Los siete guardaron silencio durante unos segundos con la mente puesta en la situación por la que pasaba la Tierra y todas sus criaturas.

—Llevamos un mes sin vernos. ¿Habéis recibido las últimas órdenes del Jefe? —preguntó Uriel preocupado—. ¿Gabriel? El cambio en los seres humanos es urgente.

—Está decidido —respondió el aludido—. Las tropas están dispuestas, a la espera de nuestros últimos informes dentro de tres meses. Según nuestro Padre, la invasión es inminente. No entiendo que no pierda la fe en estas insolentes y desagradecidas criaturas. Su mundo es precioso y lo están destruyendo sin piedad. —Torció un gesto de apatía—. ¿Acaso no se dan cuenta de que están preparando su propia destrucción?
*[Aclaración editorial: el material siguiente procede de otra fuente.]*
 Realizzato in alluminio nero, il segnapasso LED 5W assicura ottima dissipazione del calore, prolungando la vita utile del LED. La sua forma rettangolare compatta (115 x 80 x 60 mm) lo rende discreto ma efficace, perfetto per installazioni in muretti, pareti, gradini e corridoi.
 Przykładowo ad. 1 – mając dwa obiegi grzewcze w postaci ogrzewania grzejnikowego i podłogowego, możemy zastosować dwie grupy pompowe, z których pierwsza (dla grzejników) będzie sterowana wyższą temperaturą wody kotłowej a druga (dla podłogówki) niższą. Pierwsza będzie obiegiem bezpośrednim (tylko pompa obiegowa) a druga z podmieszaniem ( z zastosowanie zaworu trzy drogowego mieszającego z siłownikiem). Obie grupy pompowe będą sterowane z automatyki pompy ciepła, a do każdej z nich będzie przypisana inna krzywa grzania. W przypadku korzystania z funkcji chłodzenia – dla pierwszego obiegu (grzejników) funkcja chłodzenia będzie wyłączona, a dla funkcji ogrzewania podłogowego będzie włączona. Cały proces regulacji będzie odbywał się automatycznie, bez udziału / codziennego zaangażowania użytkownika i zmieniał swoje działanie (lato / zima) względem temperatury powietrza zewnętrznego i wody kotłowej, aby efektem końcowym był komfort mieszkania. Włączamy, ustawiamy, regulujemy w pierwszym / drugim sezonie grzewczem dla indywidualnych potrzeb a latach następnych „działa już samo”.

—Acostúmbrate, Gabriel. Este continuará siendo nuestro hogar durante un buen tiempo —afirmó Miguel, el más veterano en asuntos humanos y jefe militar del grupo—. ¿Por qué te cuesta acostumbrarte a la vida en la Tierra?

—El planeta sí me gusta. Pero ¿cómo dirigiremos a tantas criaturas? ¿Pensáis, después de lo que hemos visto, que se someterán a los cambios que les propongamos?
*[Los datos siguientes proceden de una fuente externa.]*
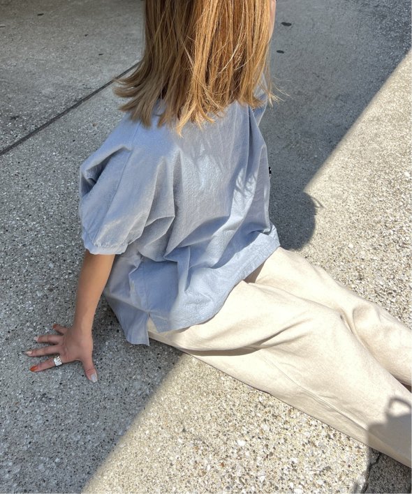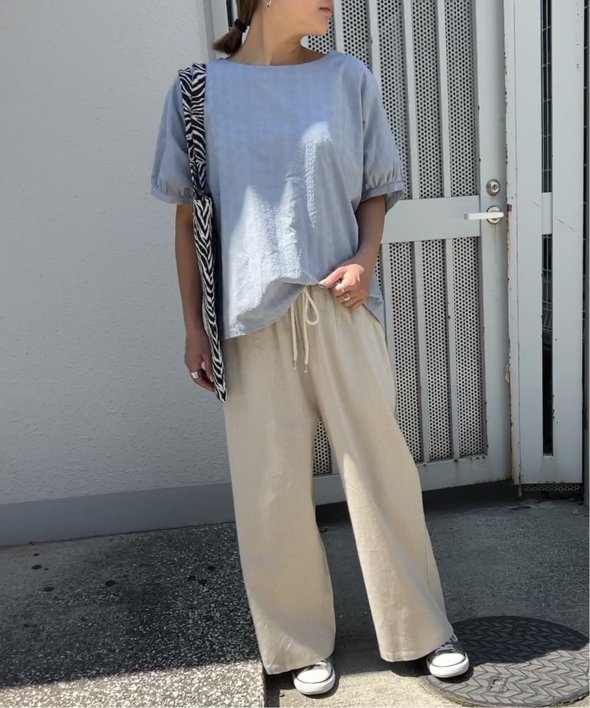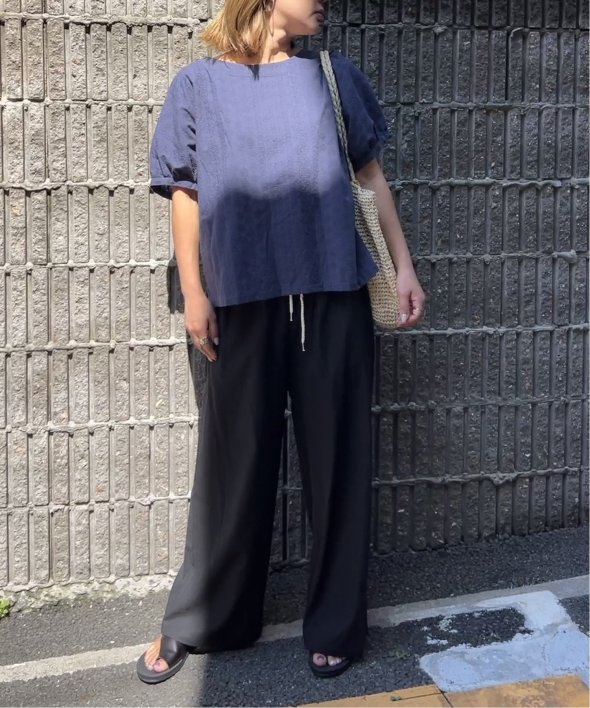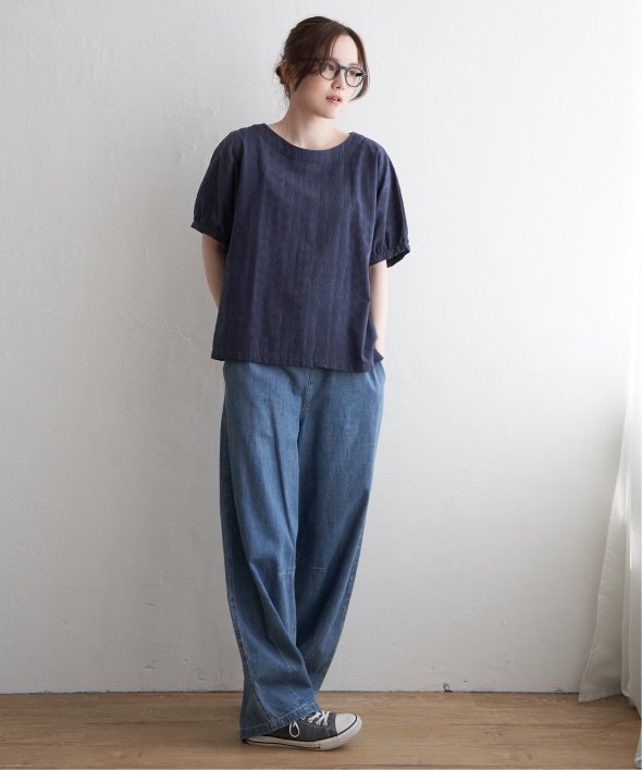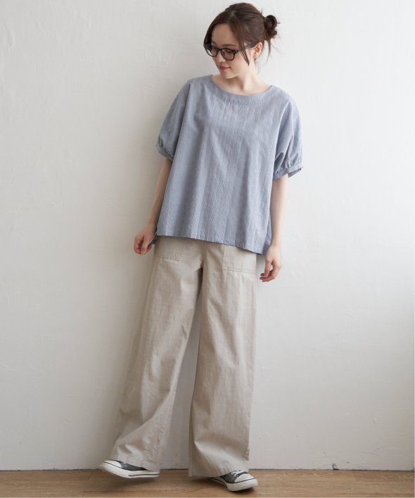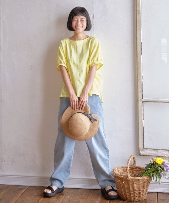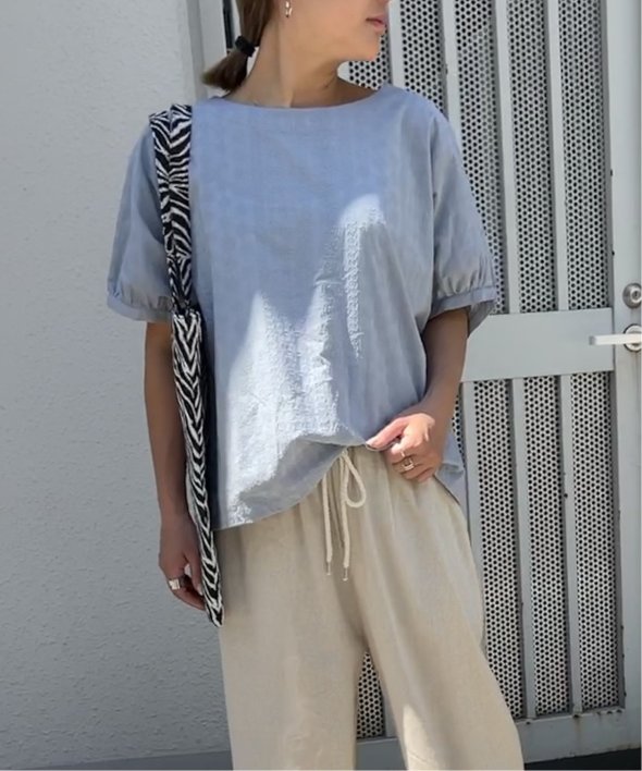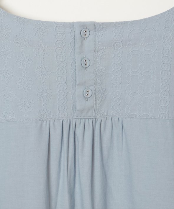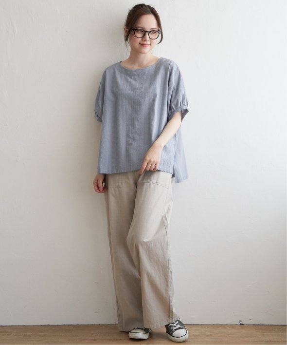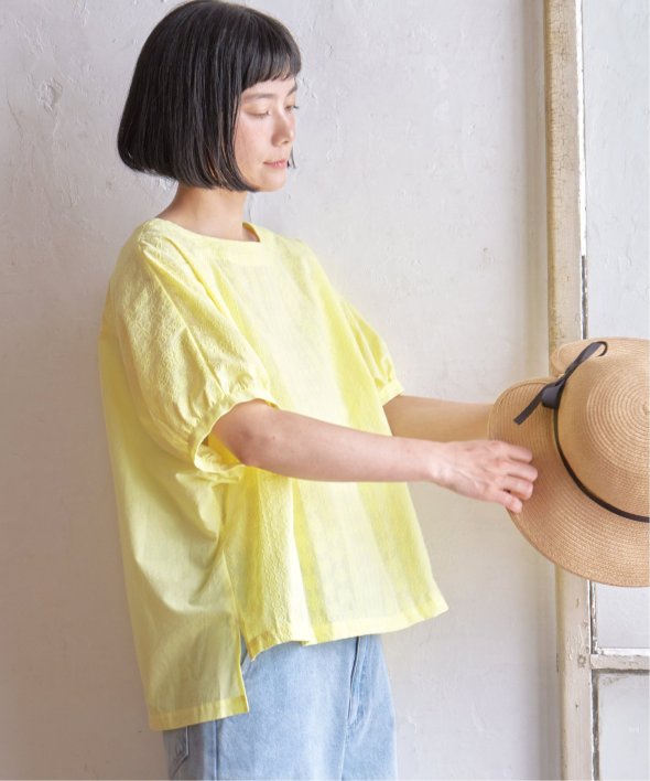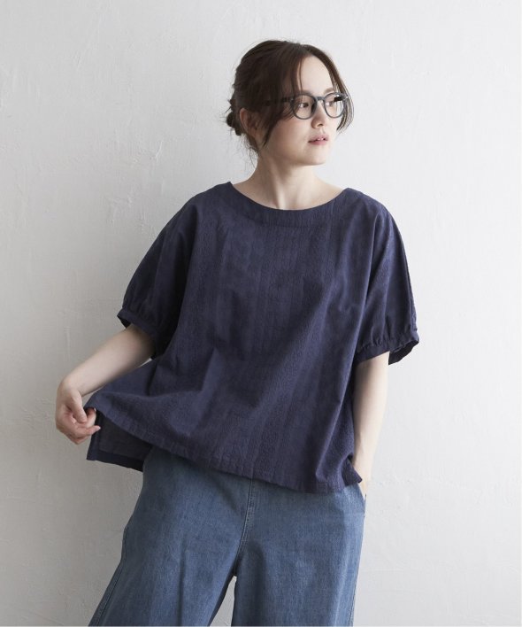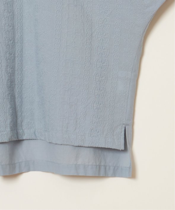 一見無地に見える、同色刺繍のブラウス。さらっとTシャツ感覚で気軽に着ていただけます。【素材】綿100%。【デザイン】ドルマン袖のゆったりブラウス。【ポイント】これまでの半袖からより優しい印象で、ゆったり着られるドルマンスリーブのシルエットにリニューアル。二の腕を優しく隠してくれるギャザー使いの袖です。

—Será por su bien, Gabriel y esperemos que se muestren sensatos de una vez —contestó Jofiel—. Hay que recuperar la Tierra; nuestro Padre se ha propuesto ofrecerles otra oportunidad a los humanos y nosotros no debemos juzgar si son dignos de merecerla o no.

—No sé si lo entenderán —protestó enojado—. Estas criaturas son crueles, egoístas y soberbias. No se merecen un planeta tan hermoso como este. Los seres humanos, en menos de un siglo, parecen dispuestos a acabar con él. ¿Cuánto ha cambiado la Tierra desde su creación hasta nuestros días? ¿Lo recordáis? —Permanecieron reflexivos mientras Gabriel hablaba—. La fuerza de la selva del Amazonas; la belleza salvaje de África; los grandes bosques de América y la variedad de Australia; ¿y Asia Oriental? ¿Cómo han podido construir esas ciudades monstruosas, como Shanghái, Hong Kong, Pekín o Tokio, en lugares tan hermosos, arrasando una naturaleza que hubiera actuado como su mejor amiga y aliada? —Miró al suelo con un gesto de incomprensión en su rostro—. No creo que podamos convivir junto a las criaturas; demasiado salvajes para nosotros; tienen demasiados prejuicios entre ellos mismos. Nunca encontraremos aliados que nos ayuden. Nunca comprenderán.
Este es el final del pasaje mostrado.